Arrays and sizeof()
I consider myself pretty savvy in C/C++ land. However, I’ve just been surprised. I just found an interesting little caveat of pointer arithmetic regarding the unary operator sizeof().
sizeof(), for those who may not be familiar with it, is a unary operator (even though it looks like a function call) that returns, creatively enough, the size of it’s operand, in bytes. On a given architecture, with a given compiler, a sizeof() on any POD type, will be constant. On my 686 with GCC 4.3.2, sizeof(char) will always return 1, because on said platform, a char always occupies exactly 1 byte of memory. sizeof(int) returns 4. sizeof(void*) returns 4. And on and on.

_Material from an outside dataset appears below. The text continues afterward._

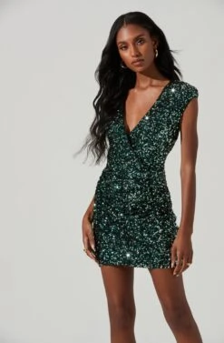 Dance the night away. This fun skirt features an eye-catching sequin construction with a high waist, ruched detailing and abbreviated hem.

However, just now, I found out that if you give sizeof() an array name, the behavior is not what I expected. In the C family, array names are nothing more than constant pointers to the first element of the array. Thus, I would expect that passing a const char* (an old school string) I would get back the size of an address on my system, i.e., 4 bytes. This is simply untrue. In fact, when I used sizeof() on my null-terminated character array, it reported the string size!
Looking into the matter, I’m now told (by various manual pages and language specifications) that, when passed an array, sizeof() returns the total alloted storage for the entire array. So, a sizeof() on a string like “foobar” would return a 7. 6 bytes for the visible characters, plus 1 for the null. And this is for any array, not just an array of char.
If you didn’t know, now you do. And if you did, then forgive me as I catch up to the crowd.